Add the labels as a scalar quantity where the values just happen to be integers (each integer represents a particular class or label), and set datatype='categorical'. This will change the visualization to a different set of defaults, adjust some shading rules, and use a distinct color from the colormap for each label.

Color Bars

Each scalar quantity has an associated color map, which linearly maps scalar values to a spectrum of colors for visualization. See colormaps for a listing of the available maps, and use add_scalar_quantity(..., cmap="cmap_name") to choose the map.
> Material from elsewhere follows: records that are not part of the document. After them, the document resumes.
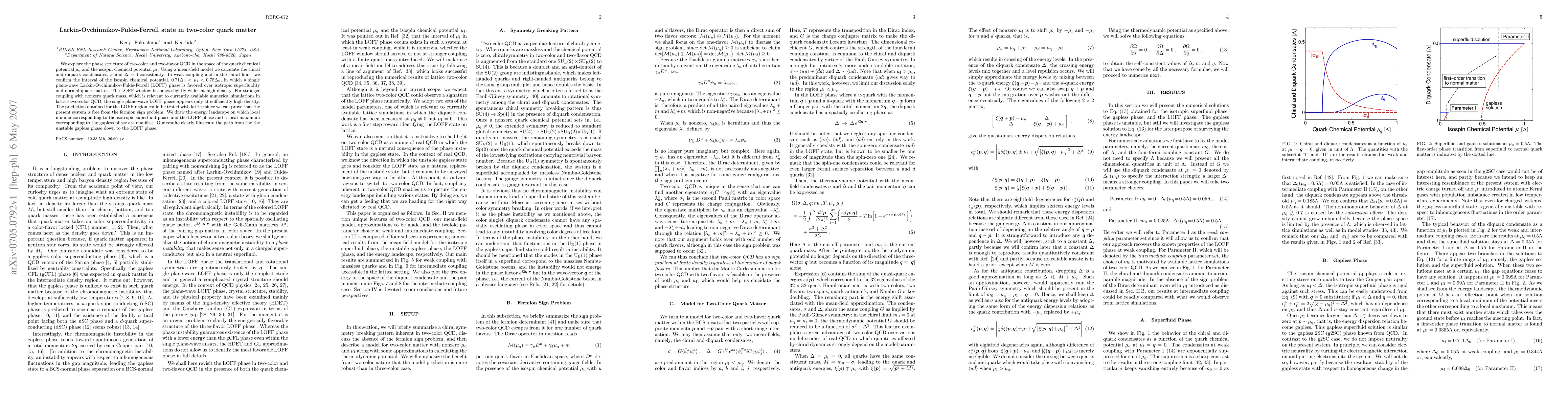 This paper investigates the phase structure of two-color and two-flavor QCD under quark chemical potential and isospin chemical potential, confirming the existence of a Larkin-Ovchinnikov-Fulde-Ferrell (LOFF) phase in a specific range of isospin chemical potential. The study predicts the LOFF phase's stability at high densities and suggests it can be tested via lattice simulations, free from the fermion sign problem.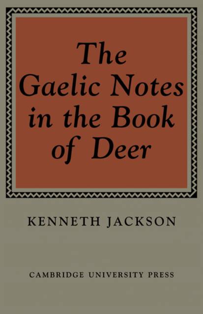 The Book of Deer, 43 folios of manuscript, containing parts of the Gospels and the Apostles' Creed, is one of the treasures of the Cambridge University Library. The Book is important not so much for its primary contents as for the notes in Gaelic which have been added to it in some of the available blank spaces. These notes record the foundation 'myth' of the monastery of Deer in north-east Aberdeenshire, and formal recordings of various grants of lands to the monastery. The language in which the notes are written is the form of Gaelic spoken in Buchan during the earlier part of the twelfth century, which means that this manuscript predates the next earliest surviving Scots Gaelic documents by almost three centuries. Professor Jackson presents a diplomatic text of the notes, based on a careful study of the original manuscript, together with an edited text, a translation, discussion, notes and a glossary.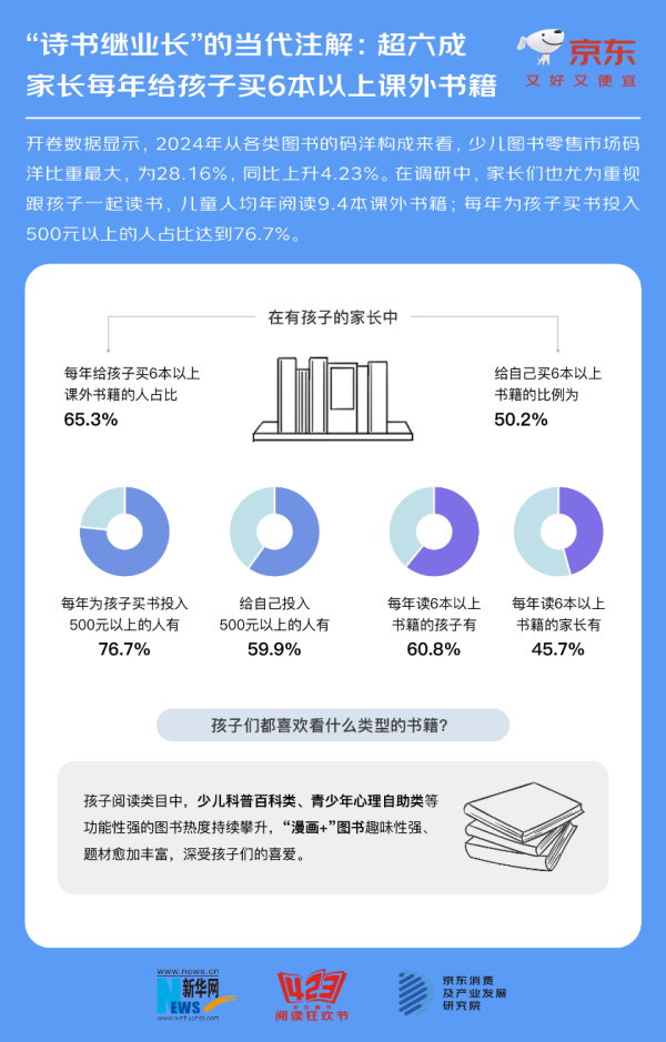 · 家长们也尤为重视跟孩子一起读书,儿童人均年阅读9.4本课外书籍;每年为孩子买书投入500元以上的人占比达到76.7%。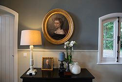 Right at the top of the staircase Marie, who was painted by her sister Antonine in 1875, awaits you. In her room is a king size bed on a solid oak floor. The adjacent bedroom has a bath with a rain shower, a sink, a toilet and a ‘goose-step’ staircase. Up here the serious-looking eight-year-old Leo watches over the entrance to his room. He was the apple of his sister-in-law Antonine’s eye and sat to her in 1875 for a large full-length portrait. Behind a swing door you will find two single beds. When you look through the window, you feel like you are among the tops of the trees.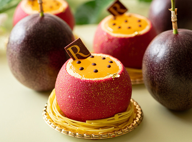 「あたびーファーム」のパッションフルーツとココナッツのムース。見た目もパッションフルーツのように仕上げています。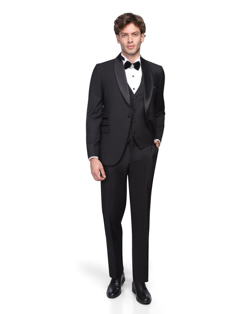 View full detailsDescription:The displayed outfit is a Formal Evening Suit, specifically a tuxedo, composed of three pieces: the jacket, the waistcoat (vest), and t...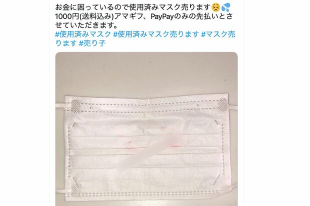 社会・事件 2022/2/10 《#使用済みマスク売ります》で月2万円、「気持ち悪いけど」SNSで“商売”する女性たちのホンネ 事件マスク売春SNS下着ネット犯罪コロナウイルス 印刷 [写真 1/3枚目] 《#使用済みマスク売ります》のタグを使い、マスクを販売する女性 [写真 2/3枚目] マスクを入り口にして、“本命”となる商材は、やはり下着。マスクの3倍ほどの値付け [写真 3/3枚目] 中には、細かく“着用日数”まで明記してマスクや下着などを販売する女性も…… この写真の記事へ戻る
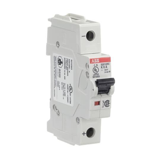 ABB Miniature Circuit Breaker, High Performance, Series: S200UDC, 60/125 VDC, 6 A, 50/60 Hz Frequency, 14 kA Interrupt, K-Curve/Electromechanic/Thermal Magnetic Trip, 1 Pole, Screw Connection, 18 to 4 AWG Wire, IP20 Enclosure, DIN Rail Mounting, -25 to 55 deg C, 71 mm L x 17.5 mm W x 92 mm H Dimensions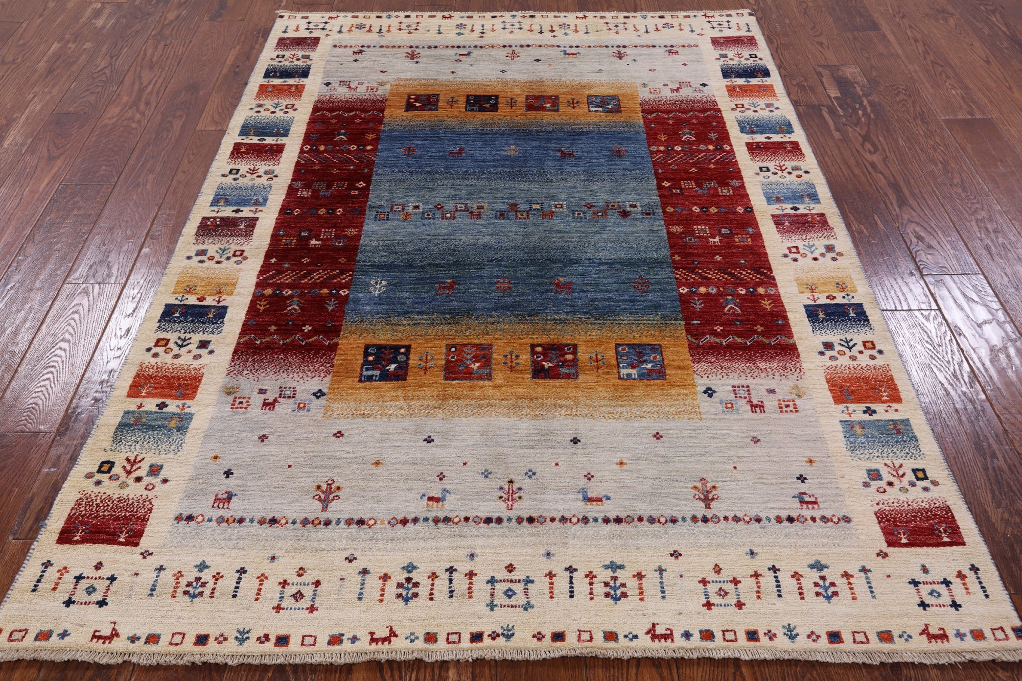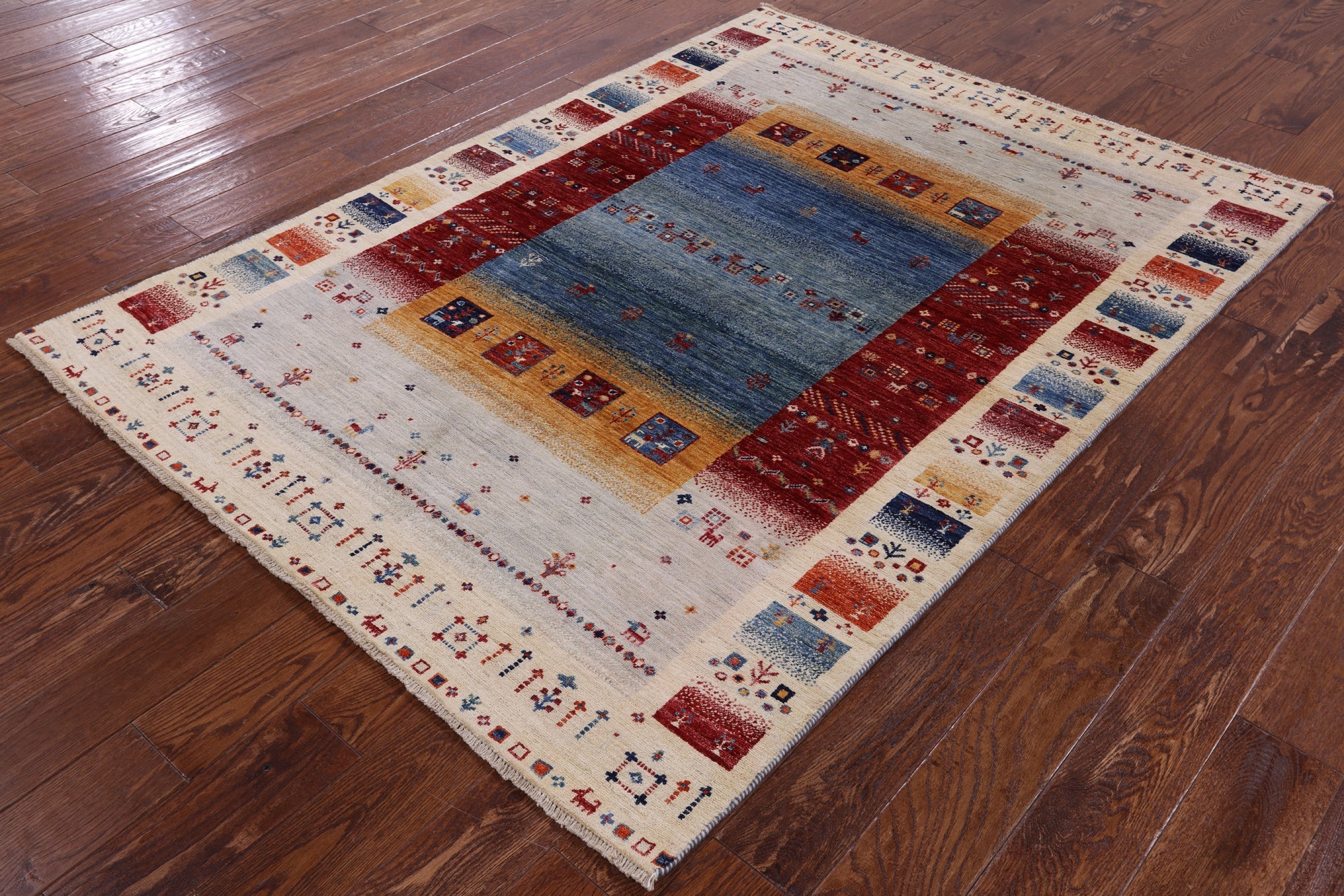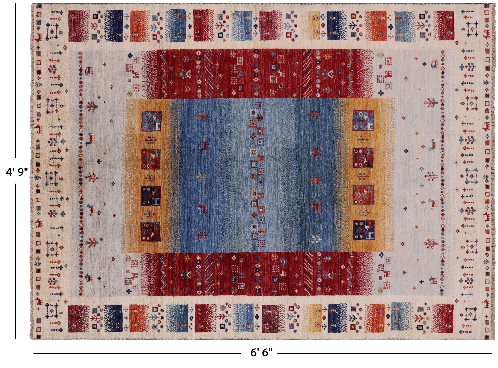 Tribal Persian Gabbeh Handmade Wool Rug 4' 9" X 6' 6" - Q8079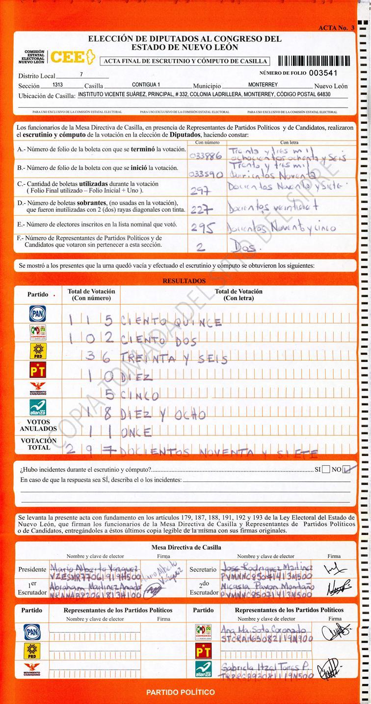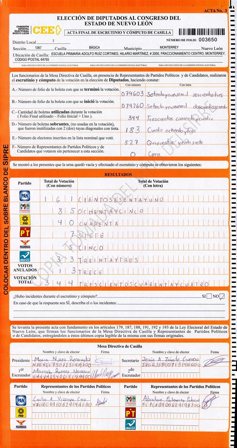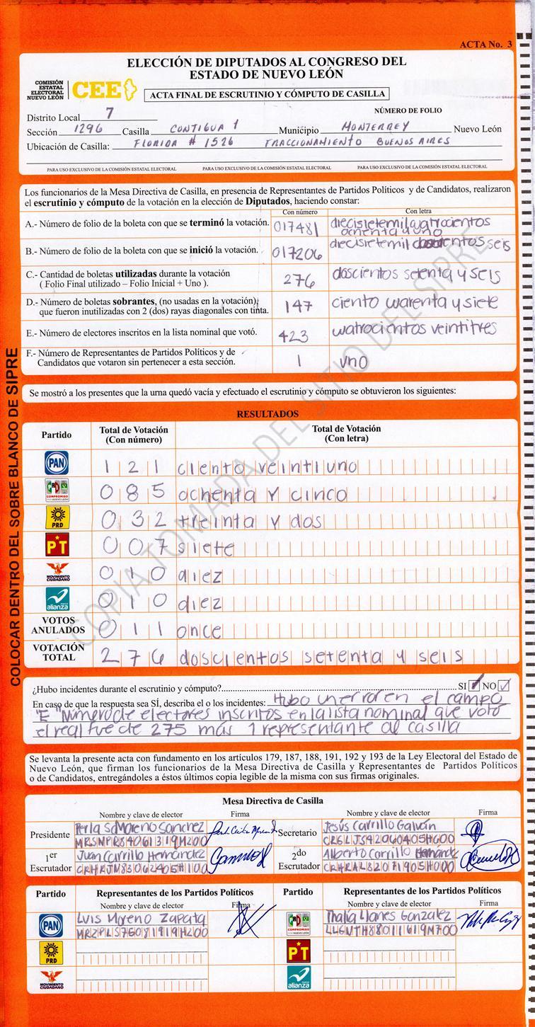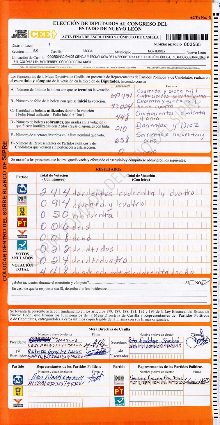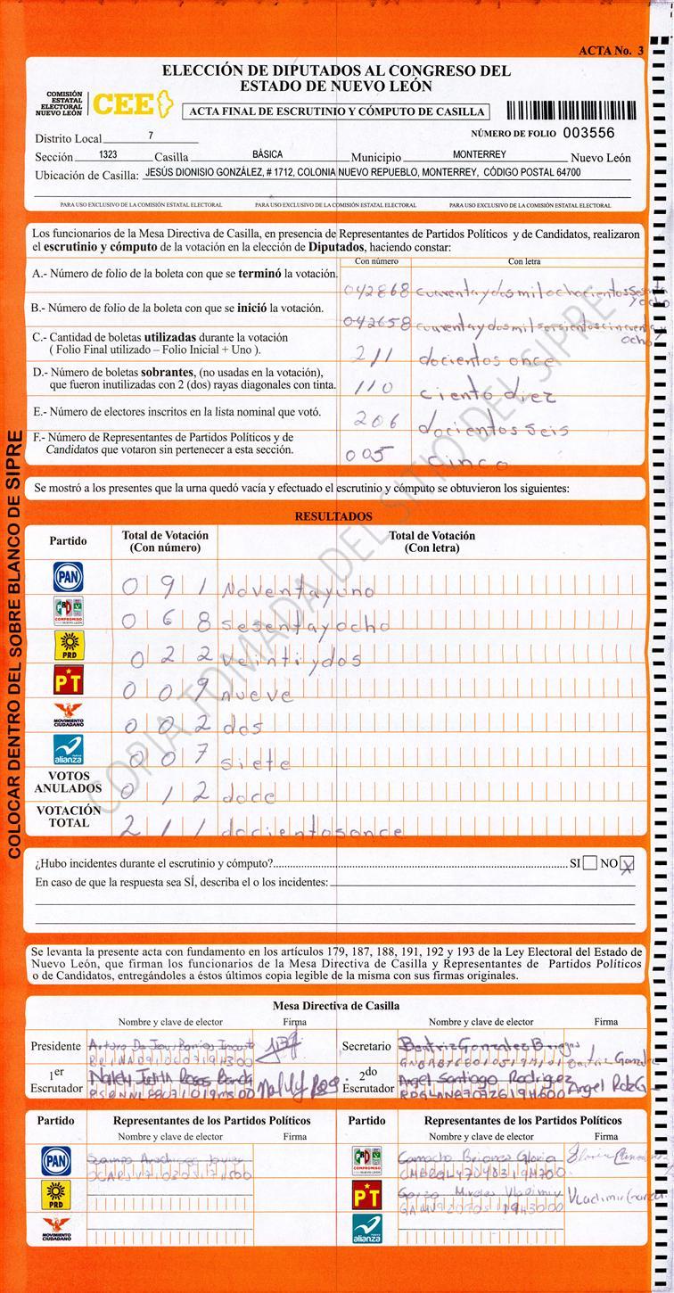, (8) Copiado Movido , (9) Con Signos Inválidos , (10) Excede Lista Nominal , (11) Otra |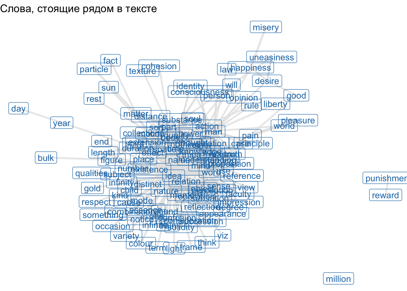 Функция cooccurence() из пакета udpipe позволяет выяснить, сколько раз некий термин встречается совместно с другим термином, например: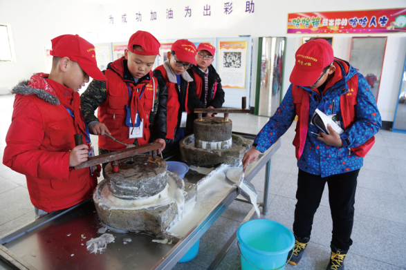 到了磨豆浆环节,学生记者们飞奔到石磨旁,撸起衣袖,添豆、转磨、盛豆浆,忙得不亦乐乎。看着牛奶般的豆浆,顺着石磨缝流了出来,胡丁洋不禁咽了咽口水。因为磨得太久太费力,他的手还磨出了一个水泡。必须得逆时针转,哎!想喝上一杯豆浆,还真不容易。不少学生记者还暗自庆幸道:嗯,幸好现在有自动豆浆机。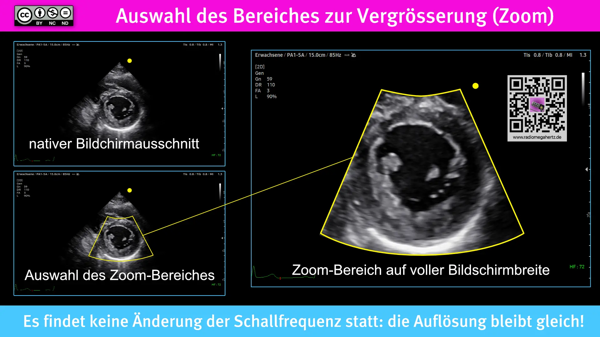 Ich trenne den nativen Bildschirmausschnitt sprachlich von den anderen Funktionen. Die ROI kann somit nie größer als die FOV sein. Die FOV ist primär charakteristisch für jeden Sondentyp und kann darüber hinaus modifiziert werden. 😉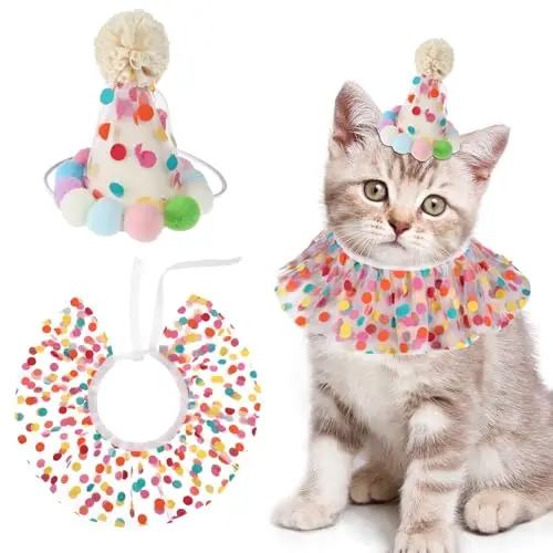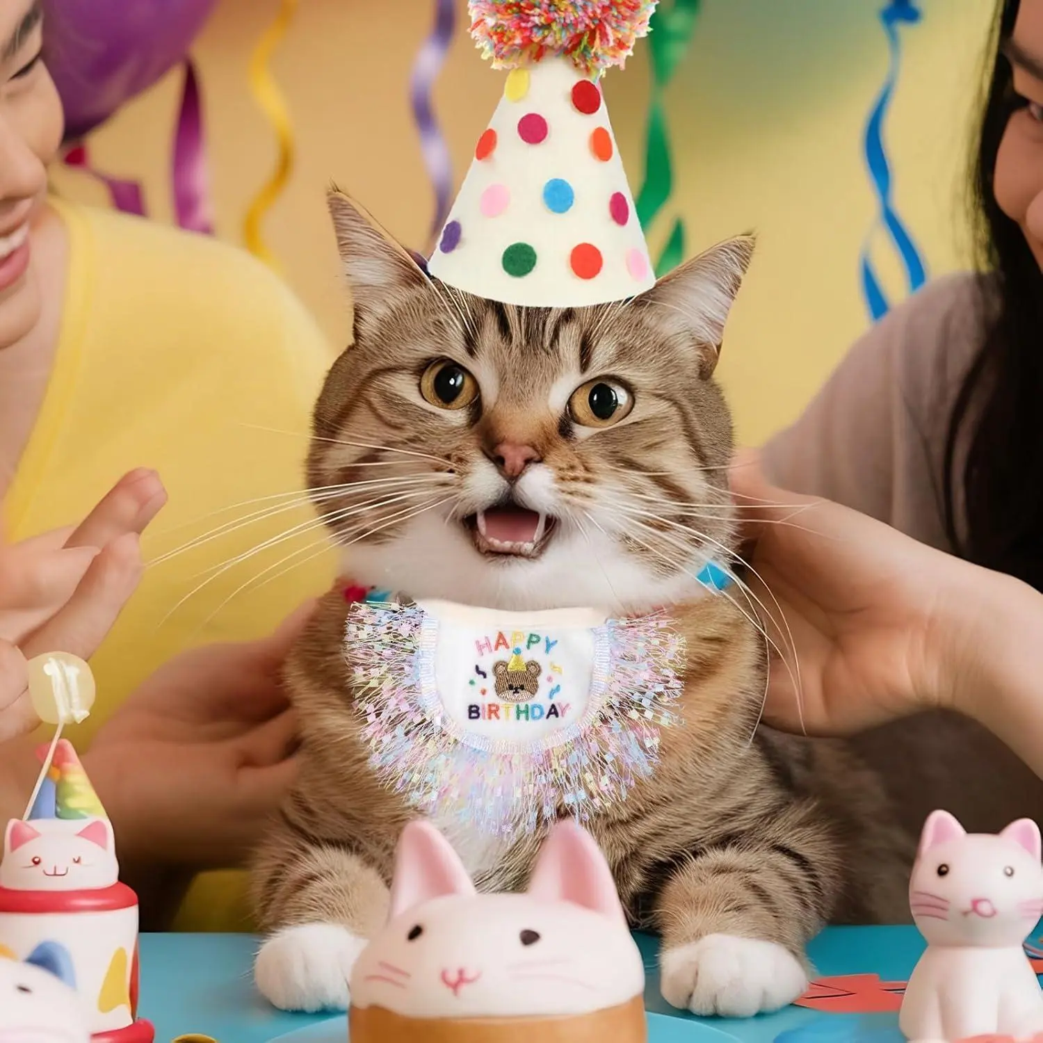 Cat Birthday Hat and Bandana Scarf, Cat Birthday Outfit Party Hat Dog Costumes Cute Lace Puppy Bib Scarf Party Decorations Set for Small Medium Cats & Doggy

The colormap is always displayed with an inline colorbar in the structures panel, which also gives a histogram of the scalar values in your quantity. The limits (vminmax) of the colormap range are given by the two numeric fields below the colored display. You can click and drag horizontally on these fields to adjust the map range, or ctrl-click (cmd-click) to enter arbitrary custom values.

image inline and onscreen colorbar

onscreen colorbar

Optionally an additional onscreen colorbar, which is more similar to the colorbars used in other plotting libraries, can be enabled with add_scalar_quantity(..., onscreen_colorbar_enabled=True).

By default it is positioned automatically inline with the other UI elements, or it can be manually positioned with add_scalar_quantity(..., onscreen_colorbar_location=(400., 400.)).

You can even export this color map to an .svg file for creating figures via the options menu.

Scalar Quantity Options

When adding a scalar quantity, the following keyword options can be set. These are available for all kinds of scalar quantities on all structures.

Keyword arguments:

  • enabled boolean, whether the quantity is initially enabled (note that generally only one quantitiy can be shown at a time; the most recent will be used)
  • datatype, one of "standard", "symmetric", "magnitude", or "categorical", affects default colormap and map range, and the categorical policies mentioned above
  • vminmax, a 2-tuple of floats, specifying the min and max range for colormap limits; the default is None, which computes the min and max of the data
  • colormap keywords:
    • cmap, which colormap to use
    • onscreen_colorbar_enabled set to True to enable an additional traditional colormap
    • onscreen_colorbar_location set to screen coordinates like (400., 400.) to position the onscreen colorbar manually (default is automatic)
  • isoline keywords (darker-shaded stripes showing isocontours of the scalar field):
    • isolines_enabled are isolines enabled (default: False)
    • isoline_style one of stripe, 'contour (default: stripe)
    • isoline_period how wide should the darkend stripes be, in data units (default: dynamically estimated)
    • isoline_period_relative if true, interpret the width value as relative to the world coordinate length scale (default: False)
    • isoline_darkness how much darker should the alternating stripes be (default: 0.7)
    • isoline_contour_thickness how thick should the contour lines be (default: 0.3)

If not specified, these optional parameters will assume a reasonable default value, or a persistent value if previously set.